I have followed the standard process for converting and quantizing the model using TensorFlow Lite's TFLiteConverter API. Below is a simplified version of the code I used for the conversion and quantization process:


from tensorflow.keras.models import load_model
import tensorflow as tf

# Set logger level
tf.get_logger().setLevel('INFO')

# Load the model
path = 'GN_W0.5_S2_ArcFace_epoch16.h5'
ghost_model = load_model(path)

# Custom function to read and preprocess images
def tf_imread(file_path):
    img = tf.io.read_file(file_path)
    img = tf.image.decode_image(img, channels=3, expand_animations=False)  # Decode to [0, 255]
    img = tf.cast(img, tf.float32)  # Cast to float32
    img = (img - 127.5) * 0.0078125  # Normalize
    return img

def create_representative_dataset_generator(dataset_path, total_images=10, batch_size=64):
    def generator():
        image_paths = []
        pathList = os.listdir(dataset_path)
        for class_id in pathList[:20]:
            class_path = os.path.join(dataset_path, class_id)
            image_paths += glob.glob(os.path.join(class_path, '*.jpg'))

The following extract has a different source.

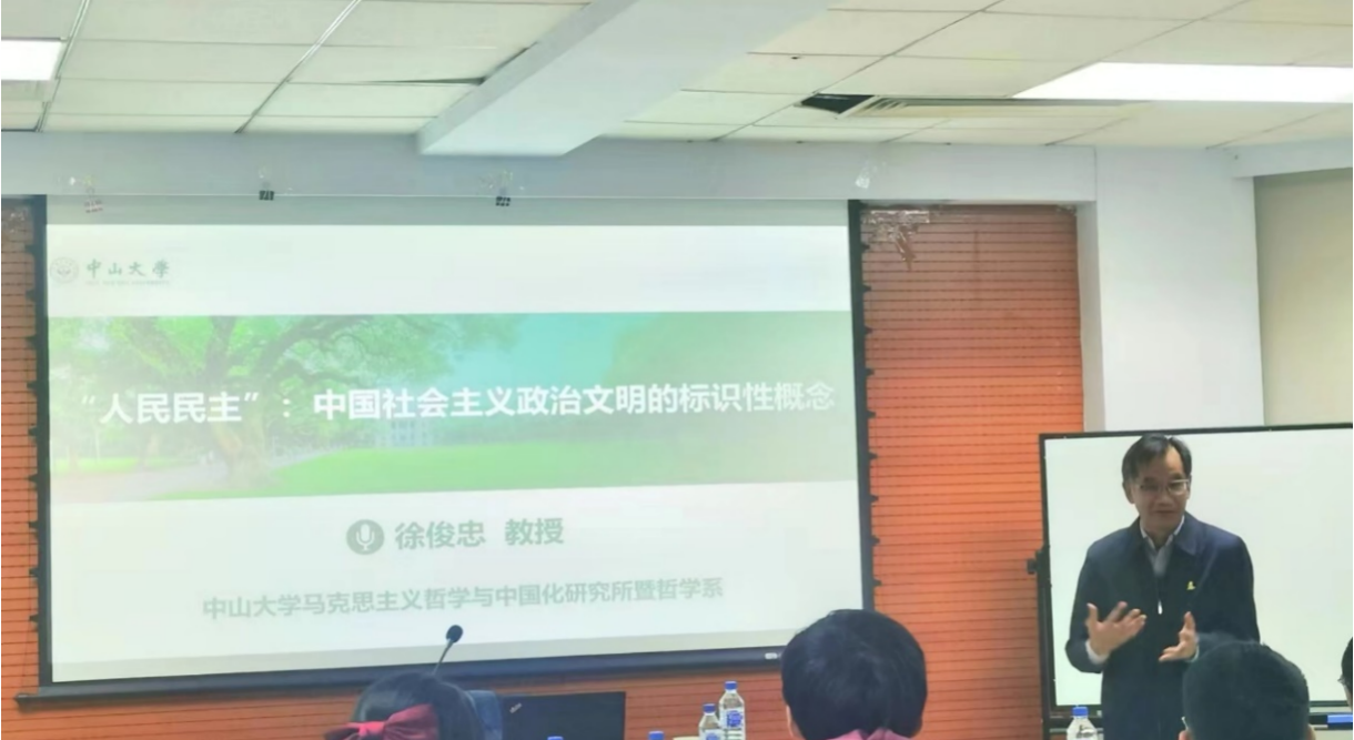 20231015日晚, 版权所有:开心鬼传媒-免费观看开心鬼传媒破解色情片 名家系列讲座第195在东荣大厦A904会议室举办。主讲人为中山大学马克思主义哲学与中国现代化研究所暨哲学系教授、中山大学博物馆(校史馆)馆长徐俊忠教授,讲座主题为“人民民主:中国社会主义政治文明的标识性概念”。开心鬼传媒 哲学基础理论研究中心副主任贺来教授担任与谈嘉宾本场讲座由 版权所有:开心鬼传媒-免费观看开心鬼传媒破解色情片 院长白刚教授主持

        # Shuffle to randomize the selection of images
        random.shuffle(image_paths)

        # Limit the total number of images to the specified subset size
        selected_image_paths = image_paths[:total_images]

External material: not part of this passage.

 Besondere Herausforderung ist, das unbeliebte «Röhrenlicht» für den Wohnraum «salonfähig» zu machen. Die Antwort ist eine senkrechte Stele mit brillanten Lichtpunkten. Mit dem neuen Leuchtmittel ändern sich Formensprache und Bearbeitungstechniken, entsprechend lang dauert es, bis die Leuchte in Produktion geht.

        for n, image_path in enumerate(selected_image_paths, start=1):
            print(f"Processing image {n}/{total_images}: {image_path}")
            yield image_path

    dataset = tf.data.Dataset.from_generator(generator, output_types=tf.string)
    dataset = dataset.map(lambda x: tf_imread(x), num_parallel_calls=tf.data.experimental.AUTOTUNE)
    dataset = dataset.batch(batch_size)
    return dataset
dataset_path = './GhostFaceNets/datasets/ms1m-retinaface-t1/imgs/'
representative_dataset = create_representative_dataset_generator(dataset_path)

# use the dataset in quantization process
def representative_data_gen():
    for input_value in representative_dataset:
        yield [input_value]

converter = tf.lite.TFLiteConverter.from_keras_model(ghost_model)
converter.optimizations = [tf.lite.Optimize.DEFAULT]
converter.target_spec.supported_ops = [tf.lite.OpsSet.TFLITE_BUILTINS_INT8,
                                       tf.lite.OpsSet.TFLITE_BUILTINS, # enable TensorFlow Lite ops.
                                       tf.lite.OpsSet.SELECT_TF_OPS ]# enable TensorFlow ops.]
converter.inference_input_type = tf.int8  # or tf.uint8
converter.inference_output_type = tf.int8 
converter.representative_dataset = representative_data_gen
tflite_model_quant  = converter.convert()
interpreter = tf.lite.Interpreter(model_content=tflite_model_quant)
input_type = interpreter.get_input_details()[0]['dtype']
print('input: ', input_type)
output_type = interpreter.get_output_details()[0]['dtype']
print('output: ', output_type)
tensor_details = interpreter.get_tensor_details()
print(tensor_details)
Mary-prh commented 5 months ago

@HamadYA Your help is much appreciated

Mary-prh commented 5 months ago

the problem is solved for quantizing to int8 with the following change: cloned_model = tf.keras.models.clone_model( ghost_model, clone_function=lambda layer: layer.class.from_config( {**layer.get_config(), "dtype": "float32"} ), ) However, the problem persists with tf.lite.OpsSet.EXPERIMENTAL_TFLITE_BUILTINS_ACTIVATIONS_INT16_WEIGHTS_INT8 as TFLite does not support PReLU

Mary-prh commented 5 months ago

The previous solution I mentioned changes the weights remarkably and the prediction is no more valid

HamadYA commented 5 months ago

The previous solution I mentioned changes the weights remarkably and the prediction is no more valid

I am sorry, I cannot work on big issues right now. I am being busy with my PhD Research Dissertation. Sorry again.

Anshulgada commented 3 weeks ago

Hey @Mary-prh did you find any suitable approach? I too was trying to quantize the model mainly because the inference time for each is too much and I wanted to deploy it to my software where I'll be inferencing on multiple images and the collective time increases alot.

My aim too is to decrease the 32bit floating to int8. Please drop down a solution if you've found one.